## Task instructions
Word for word, transcribe the lines below and drop the pictures.
[Records provided — start]
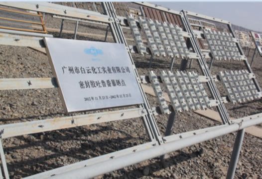 2012年,白云化工攜手廣州合成材料研究院有限公司老化研究所,同步在廣州和新疆吐魯番兩個極限氣候區(qū)的暴曬試驗點啟動試樣暴曬實驗。
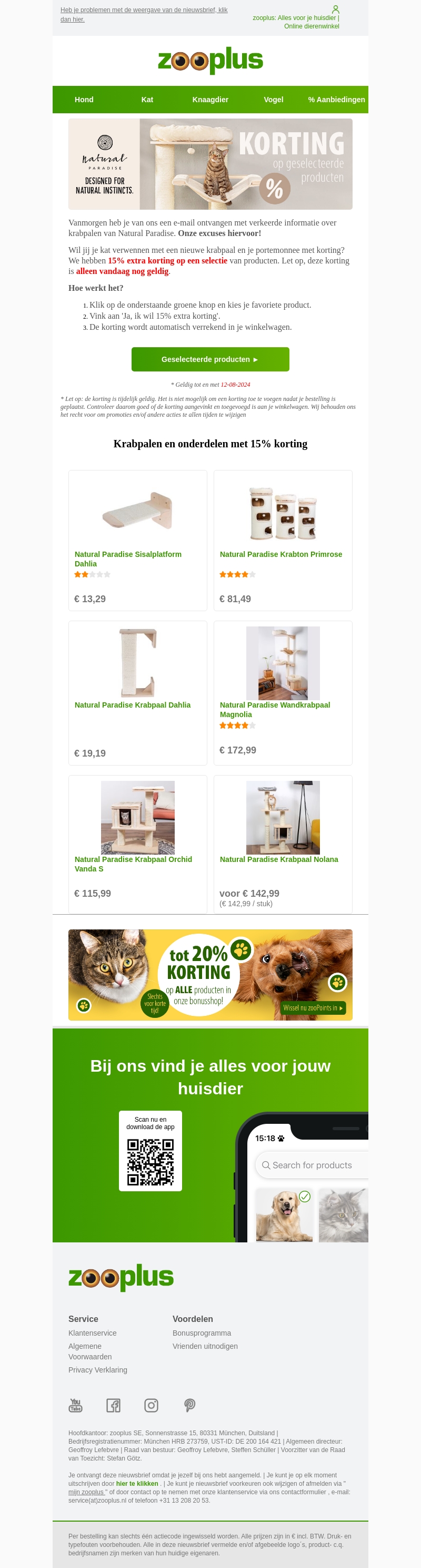 We hebben eerder verkeerde informatie gedeeld over de krabpalen van Natural Paradise. Onze excuses hiervoor! Ter compensatie bieden we nu 15% extra korting op geselecteerde producten. Let op, deze korting is alleen vandaag geldig. Bekijk nu onze selectie van krabpalen en geniet van de korting!
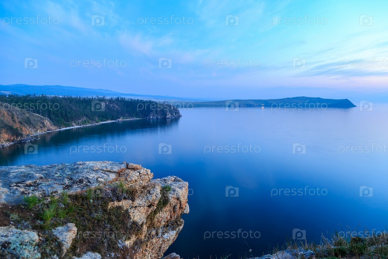 Россия, озеро Байкал, остров Ольхон, залив Малое море. Мыс Улан-Хушун. Вид с мыса Нюрган. Переход от заката к ночи
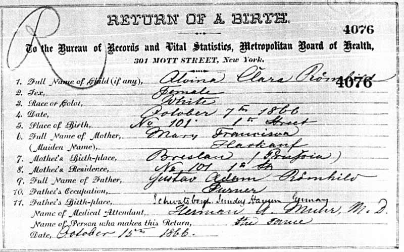 Addendum 16 Sep 2011: By sending letters of inquiry to the three or four largest towns in the former Schwarzburg-Sondershausen, I was able to identify the birthplace of Gustave Adam Römhild. Großbreitenbach can be seen on the map above in the small green area one third of the way from circled Schwarzburg towards circled Romhild. I visited the town last month and have a treasure trove of new information. The original church books are on site.
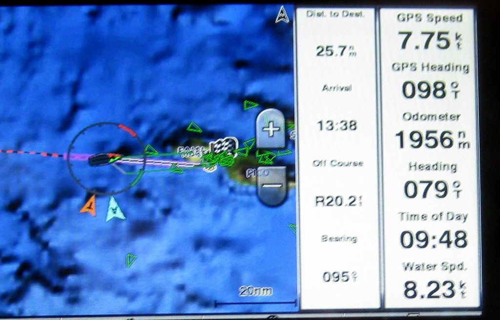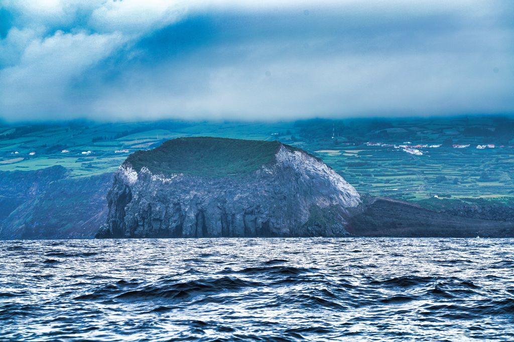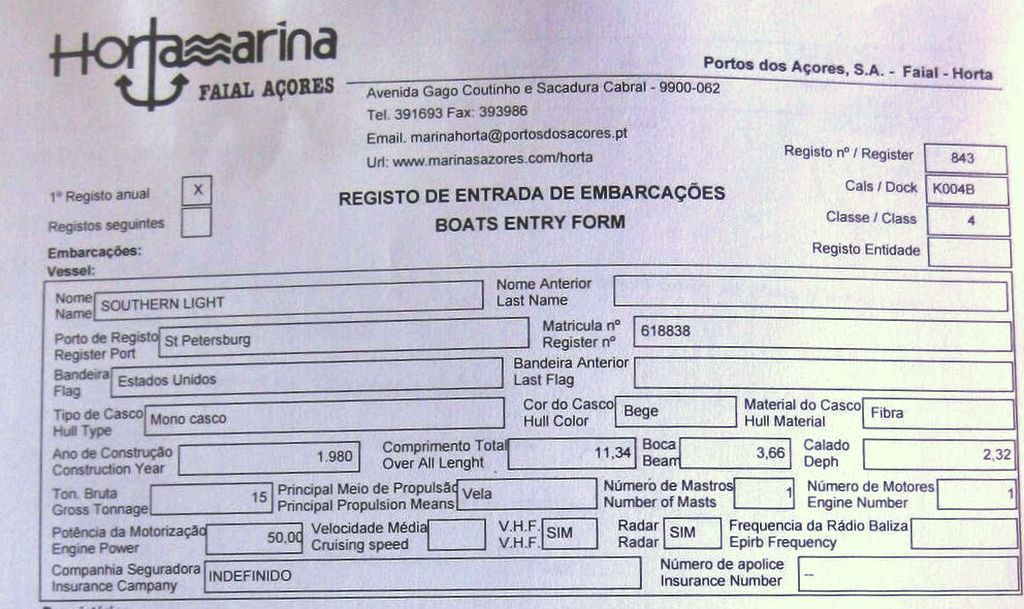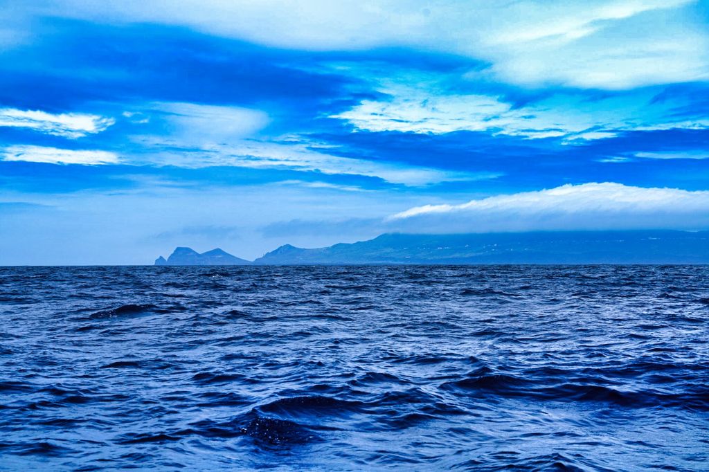 Spotted land through the haze about 10 miles distant. The port of Horta is on the opposite end or aprox. 25 nm from this current position.
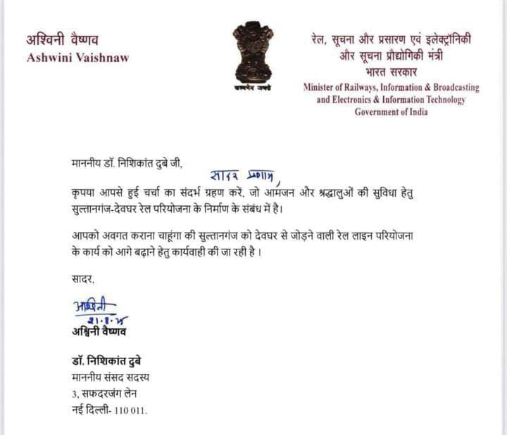 सुल्तानगंज से देवघर रेलवे लाईन की खबर पढ़ी होगी अब घोषणा करते देखे रेलवे मंत्री को सिर्फ बिहार जनमत पर।
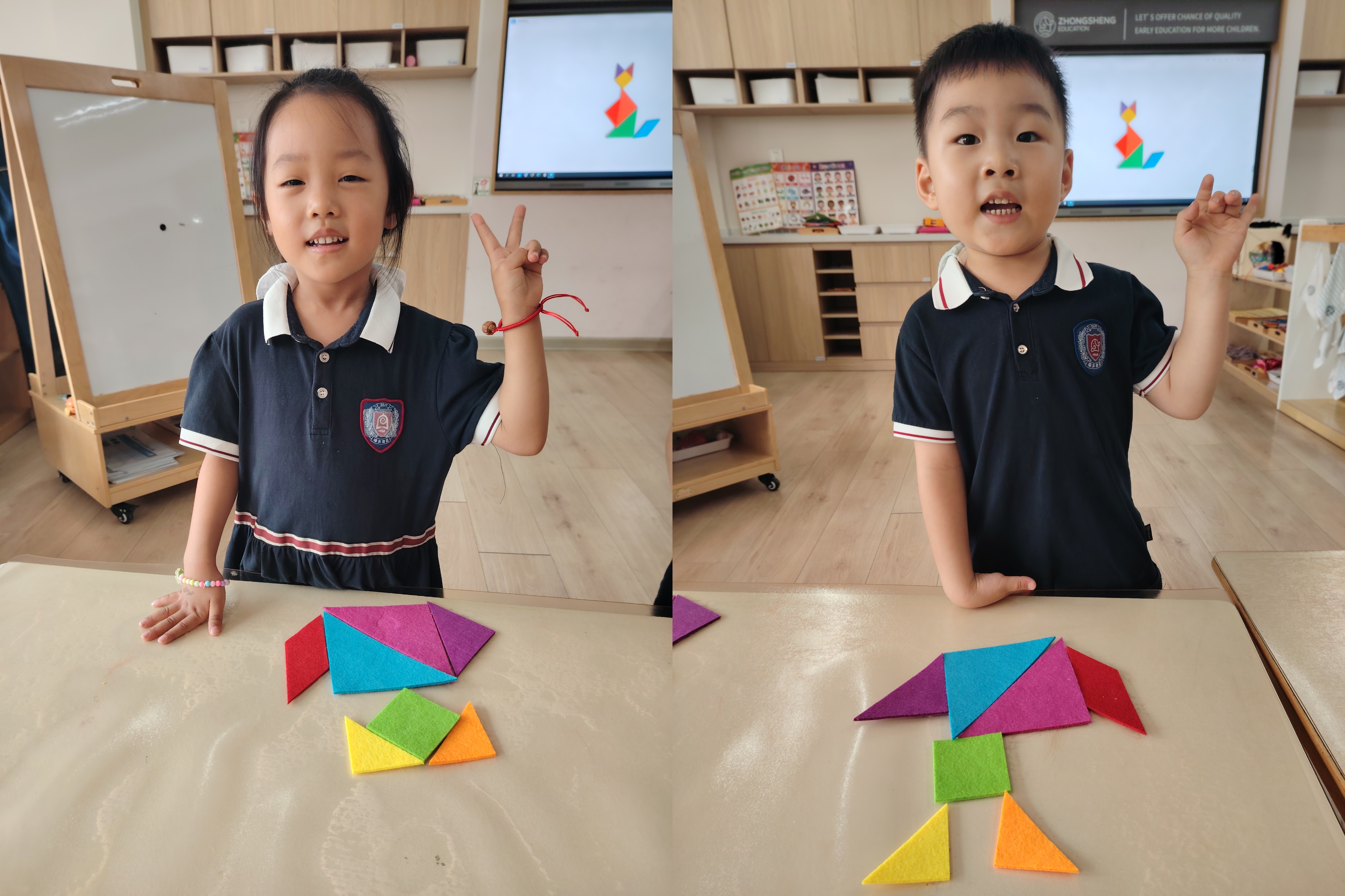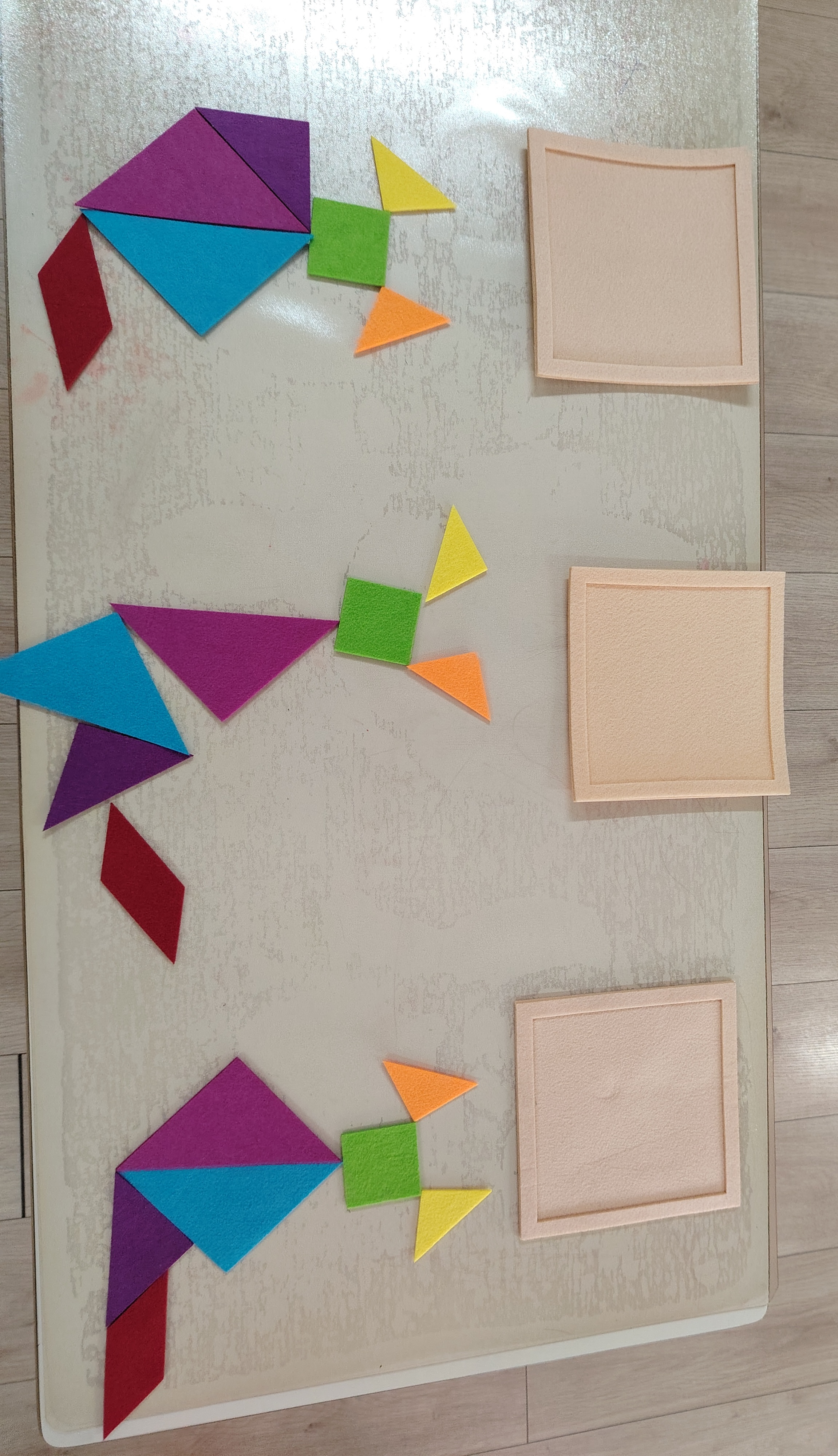 今天我们的数学小课堂带着宝贝们一起用七巧板拼玩小狐狸,快看!跑,跳,爬 ,蹲 ,立的小狐狸它们来了。
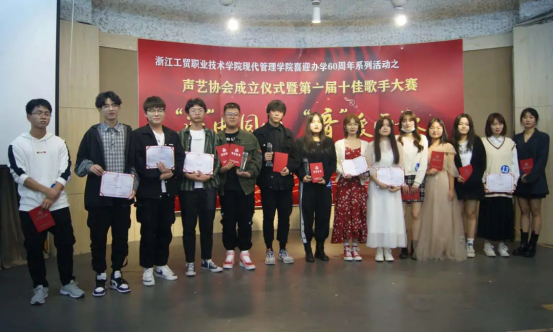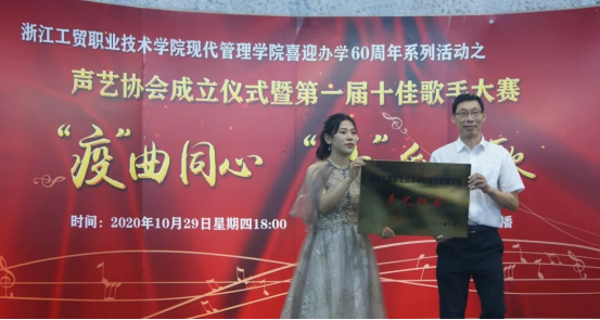 为了喜迎伟德BETVlCTOR1946办学60年周年,同时丰富校园文化、展示新生风貌,10月29日晚上6点30分,现代管理学院在多功能厅隆重举行声艺协会成立仪式暨“疫”曲同歌,“音”爱而生为主题的第一届十佳歌手大赛。现代管理学院党总支书记项光春,副书记朱秀清,温州广播电视传媒集团主持人席玮、学院辅导员贾飞祥、黄丹华、谢戴海出席活动。
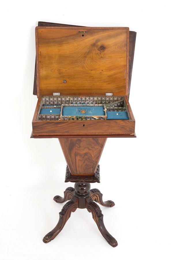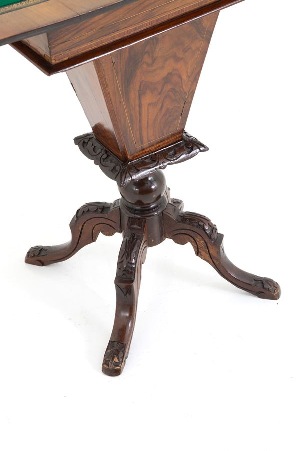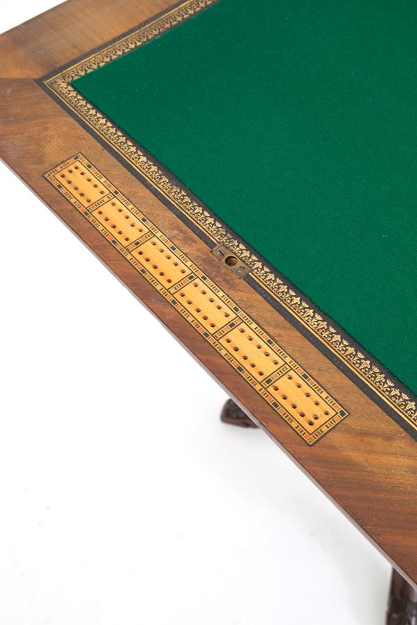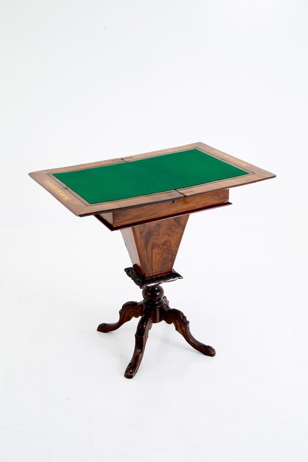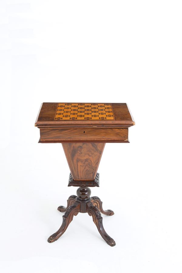Tavolino da gioco lastronato e intarsiato a scacchiera in legni vari. Francia. XIX secolo. Difetti.
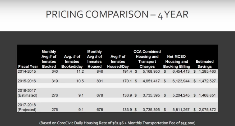 “One of the biggest goals for me was to make sure that our inmates were going to get comparable or better treatment at this CoreCivic facility than they are with Maricopa County,” he said.
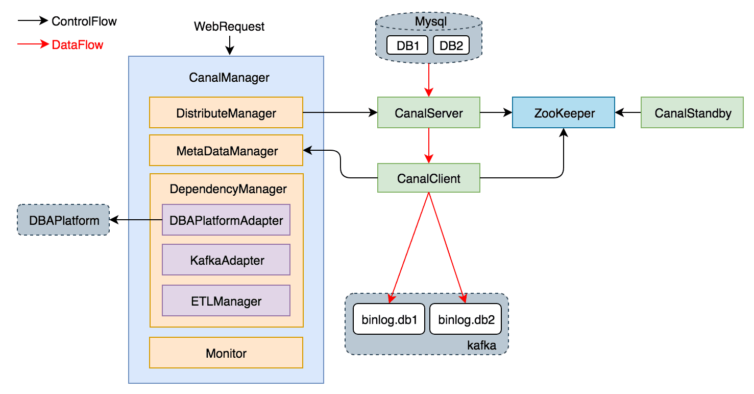 - 高可用:CanalManager对Instance进行分发时,会选择两台CanalServer,一台是Running节点,另一台作为Standby节点。Standby节点会对该Instance进行监听,当Running节点出现故障后,临时节点消失,然后Standby节点进行抢占。这样就达到了容灾的目的。
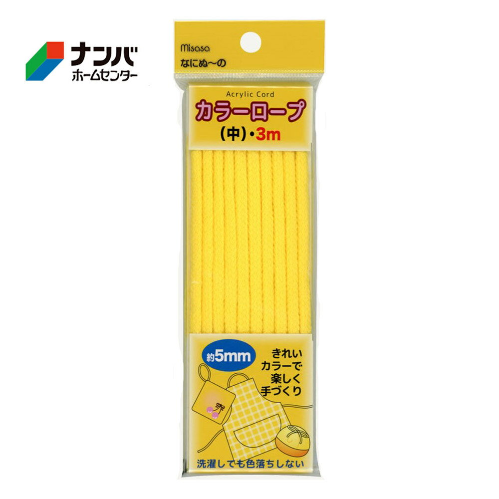 【仕様】 ●サイズ:直径 約5mm、長さ 3m ●品質:アクリル100% ●手芸・小物づくりなどアイデアでいろいろな物にお使い下さい ●原産地:日本 【商品特長】 ●軽くて強く、速乾性に優れています。 ●色落ちしにくく、きれいな色が長持ちします。 ●ミシン縫いができますので、パイピングなどカーブもきれいにできます。 【使用上の注意】 ●接着の場合はアクリル系樹脂用の接着剤をご使用下さい。
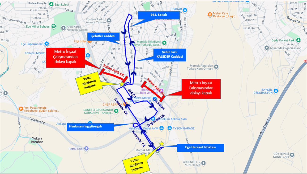 Vatandaşlarımızın mağduriyet yaşamamaları için 340, 340-2, 341, 338, 346, 307, 337, 731, 732, 341-6 numaralı otobüs hatlarımızın yönlendirileceği alternatif güzergahlarda yaşanması muhtemel trafik akışındaki yoğunluğun bertaraf edilmesi amacıyla 14.02.2026 tarihi itibariyle 339 Ege Hareket Noktası-Natoyolu- Şehitler Caddesi EGO Ring hattı ile toplu taşıma hizmeti verilmeye başlanılacaktır. 340, 340-2,341, 338, 346 numaralı otobüs hatlarımız Şehit Fazlı KALEDER Caddesi,941. Sokak, Şehitler Caddelerine girmeyecek olup, bu Caddelere 339 Ege Hareket Noktası-Natoyolu- Şehitler Caddesi EGO Ring hattı hizmet verecektir.
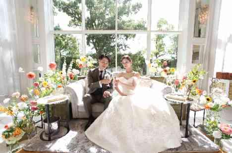 キャッスルガーデンOSAKAの披露宴会場はシンプルな白基調の会場となっているため何色にも染めていただけます。、 どのお花のコーディネートでもぴったりと合う緑のロケーションのため、おふたりのお好きなコーディネートを楽しんでいただけます。 また、ガラス張りの会場から自然光が入るように天井高を高くしておりますので、新郎様新婦様もゲストの皆様も開放的な空間を感じていただけます。
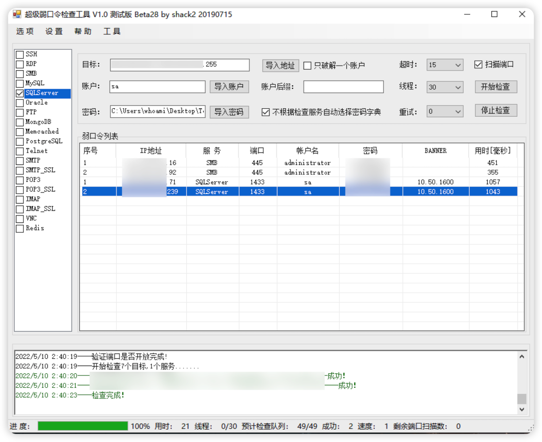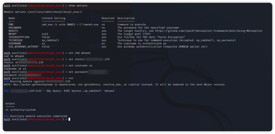 通过已搜集到的密码去对 C 段继续密码喷洒成功喷洒出 C 段的一台 Mssql:xxx.xxx.xxx.239
[Records provided — finish]
## Task answer
 2012年,白云化工攜手廣州合成材料研究院有限公司老化研究所,同步在廣州和新疆吐魯番兩個極限氣候區(qū)的暴曬試驗點啟動試樣暴曬實驗。
 We hebben eerder verkeerde informatie gedeeld over de krabpalen van Natural Paradise. Onze excuses hiervoor! Ter compensatie bieden we nu 15% extra korting op geselecteerde producten. Let op, deze korting is alleen vandaag geldig. Bekijk nu onze selectie van krabpalen en geniet van de korting!
 Россия, озеро Байкал, остров Ольхон, залив Малое море. Мыс Улан-Хушун. Вид с мыса Нюрган. Переход от заката к ночи
 Addendum 16 Sep 2011: By sending letters of inquiry to the three or four largest towns in the former Schwarzburg-Sondershausen, I was able to identify the birthplace of Gustave Adam Römhild. Großbreitenbach can be seen on the map above in the small green area one third of the way from circled Schwarzburg towards circled Romhild. I visited the town last month and have a treasure trove of new information. The original church books are on site.
 Spotted land through the haze about 10 miles distant. The port of Horta is on the opposite end or aprox. 25 nm from this current position.
 सुल्तानगंज से देवघर रेलवे लाईन की खबर पढ़ी होगी अब घोषणा करते देखे रेलवे मंत्री को सिर्फ बिहार जनमत पर।
 今天我们的数学小课堂带着宝贝们一起用七巧板拼玩小狐狸,快看!跑,跳,爬 ,蹲 ,立的小狐狸它们来了。
 为了喜迎伟德BETVlCTOR1946办学60年周年,同时丰富校园文化、展示新生风貌,10月29日晚上6点30分,现代管理学院在多功能厅隆重举行声艺协会成立仪式暨“疫”曲同歌,“音”爱而生为主题的第一届十佳歌手大赛。现代管理学院党总支书记项光春,副书记朱秀清,温州广播电视传媒集团主持人席玮、学院辅导员贾飞祥、黄丹华、谢戴海出席活动。
Tavolino da gioco lastronato e intarsiato a scacchiera in legni vari. Francia. XIX secolo. Difetti.
 “One of the biggest goals for me was to make sure that our inmates were going to get comparable or better treatment at this CoreCivic facility than they are with Maricopa County,” he said.
 - 高可用:CanalManager对Instance进行分发时,会选择两台CanalServer,一台是Running节点,另一台作为Standby节点。Standby节点会对该Instance进行监听,当Running节点出现故障后,临时节点消失,然后Standby节点进行抢占。这样就达到了容灾的目的。
 【仕様】 ●サイズ:直径 約5mm、長さ 3m ●品質:アクリル100% ●手芸・小物づくりなどアイデアでいろいろな物にお使い下さい ●原産地:日本 【商品特長】 ●軽くて強く、速乾性に優れています。 ●色落ちしにくく、きれいな色が長持ちします。 ●ミシン縫いができますので、パイピングなどカーブもきれいにできます。 【使用上の注意】 ●接着の場合はアクリル系樹脂用の接着剤をご使用下さい。
 Vatandaşlarımızın mağduriyet yaşamamaları için 340, 340-2, 341, 338, 346, 307, 337, 731, 732, 341-6 numaralı otobüs hatlarımızın yönlendirileceği alternatif güzergahlarda yaşanması muhtemel trafik akışındaki yoğunluğun bertaraf edilmesi amacıyla 14.02.2026 tarihi itibariyle 339 Ege Hareket Noktası-Natoyolu- Şehitler Caddesi EGO Ring hattı ile toplu taşıma hizmeti verilmeye başlanılacaktır. 340, 340-2,341, 338, 346 numaralı otobüs hatlarımız Şehit Fazlı KALEDER Caddesi,941. Sokak, Şehitler Caddelerine girmeyecek olup, bu Caddelere 339 Ege Hareket Noktası-Natoyolu- Şehitler Caddesi EGO Ring hattı hizmet verecektir.
 キャッスルガーデンOSAKAの披露宴会場はシンプルな白基調の会場となっているため何色にも染めていただけます。、 どのお花のコーディネートでもぴったりと合う緑のロケーションのため、おふたりのお好きなコーディネートを楽しんでいただけます。 また、ガラス張りの会場から自然光が入るように天井高を高くしておりますので、新郎様新婦様もゲストの皆様も開放的な空間を感じていただけます。
 通过已搜集到的密码去对 C 段继续密码喷洒成功喷洒出 C 段的一台 Mssql:xxx.xxx.xxx.239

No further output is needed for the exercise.